Oceń
Kamil Stoch jest jednym z najpopularniejszych sportowców w Polsce. Trzykrotny mistrz olimpijski nie ukrywa, że ważną częścią jego życia jest religia. - Zawsze żegnam się przed wyjściem na belkę. Tak robię od małego. I to nie wynika ze strachu, tylko jest znakiem wiary. Każdy skok oddaję Panu Bogu. Nie wstydzę się tego. Kiedy coś mi się nie udaje, oddaję się pod opiekuńcze skrzydła Pana Boga. Wiem wtedy, że jest przy mnie, czuję to. Pewien znajomy ksiądz kiedyś mi powiedział, że jeśli Bóg jest w naszym życiu na pierwszym miejscu, to wszystko jest na swoim miejscu. Ja trzymam się tej zasady i myślę, że to mi bardzo pomaga - mówił, a jego słowa cytuje portal "Pomponik".
34-latek stroni od mediów. Przemawia w zasadzie tylko przy okazji zawodów lub oficjalnych konferencji prasowych czy obowiązków sponsorskich. Usłyszeć go możemy także online przy okazji odbierania nagród podczas Gali Mistrzów Sportu. Trudno sobie wyobrazić, by Stoch zdecydował się na udział w telewizyjnym show, a właśnie z taką propozycją wyszedł Kuba Wojewódzki. Odpowiedź mogła być tylko jedna, choć argumentacja nieco zaskakuje.
Wojewódzki "epatuje ateizmem"
- Kiedyś usłyszałem od managementu Kamila Stocha, że Kamil do mnie nie przyjdzie, bo zbyt mocno obnoszę się ze swoim ateizmem - zdradził dziennikarz w podcaście "WojewódzkiKędzierski", którego gościem był Tomasz Ziętek. Dodał, że w jego ocenie nosi to znamiona dyskryminacji ze względu na religię.
- Ja się obracam wśród ludzi, którzy mają otwartą głowę i nie mają z tym najmniejszego problemu - skwitował aktor.

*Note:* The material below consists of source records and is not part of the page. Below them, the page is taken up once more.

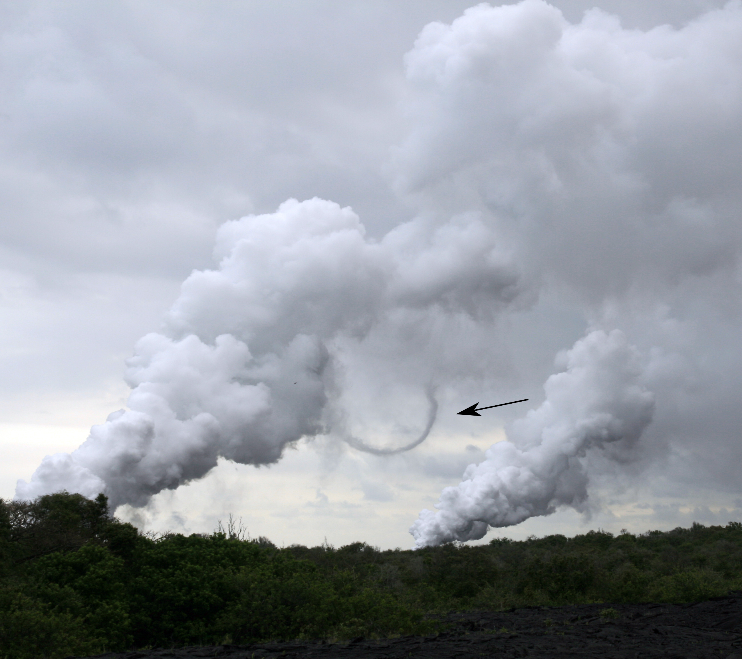 Steam devil. The steam comes from lava entering the ocean at the Big Island of Hawaii.
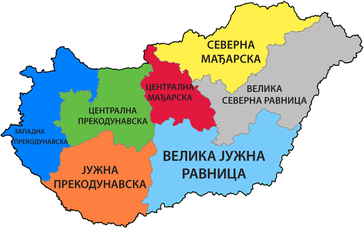 Regions of Hungary
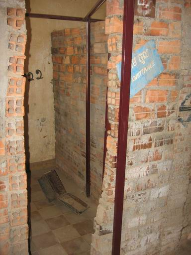 Own work taken in the Tuol Sleng Museum with permission from the Museum administration on March 13, 2006. Donated to the Wikipedia system and it can be considered wikipedian document. Albeiro Rodas, Cambodia, July 2006.
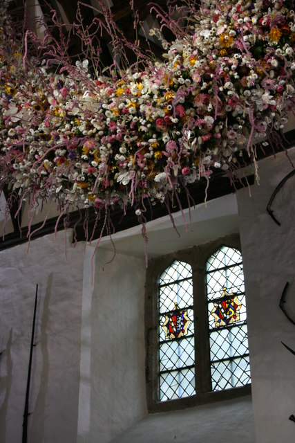 Cotehele House, Dried flowers Christmas Garland. The Christmas Garland hangs from the roof, and the colours are emphasised by the simplicity of the whitewashed walls of the Great Hall. See 1604452.
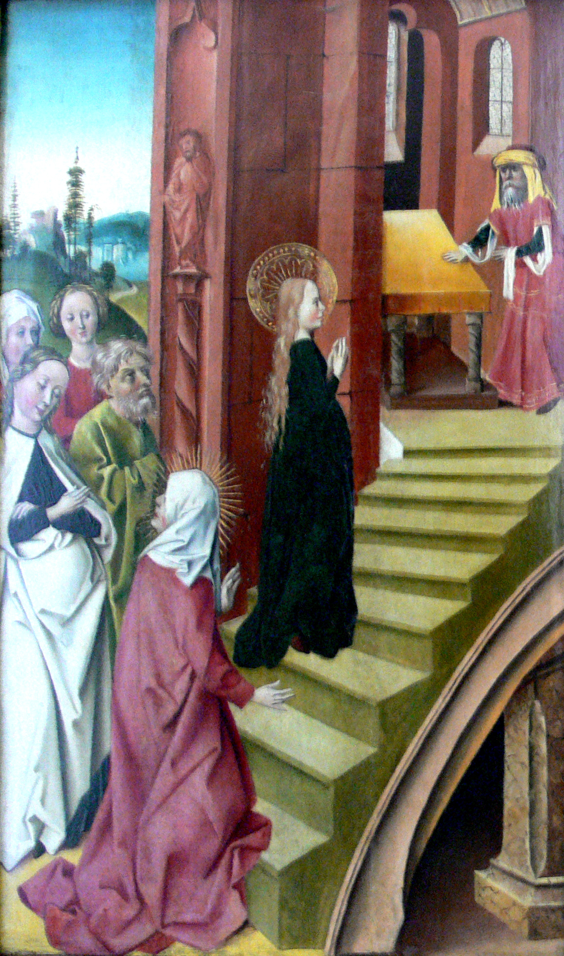 The Presentation of the Virgin Mary in the Temple of Jerusalem, Ulm (?) um 1480 Landesmuseum Württemberg Native nameLandesmuseum WürttembergLocationStuttgart, GermanyCoordinates48° 46′ 37″ N, 9° 10′ 44″ E Established1862Websitelandesmuseum-stuttgart.deAuthority control VIAF: 138971906 ISNI: 0000 0001 2314 7812 ULAN: 500309312 LCCN: n50011461 NLA: 36103358 WorldCat Inventory number 1201a (aus der Sammlung Konrad Dietrich Haßler)
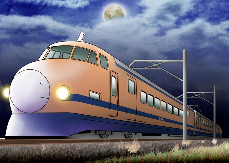 JNR SHINKANSEN TYPE941

W programie Kuby Wojewódzkiego w TVN wystąpił za to inny skoczek narciarski, Piotr Żyła. Na kanapie popularnego show zasiadali również inni sportowcy, z Robertem Lewandowskim, Grzegorzem Krychowiakiem, Wojciechem Szczęsnym, Mamedem Chalidowem, Mariuszem Pudzianowskim czy Bartoszem Kurkiem na czele.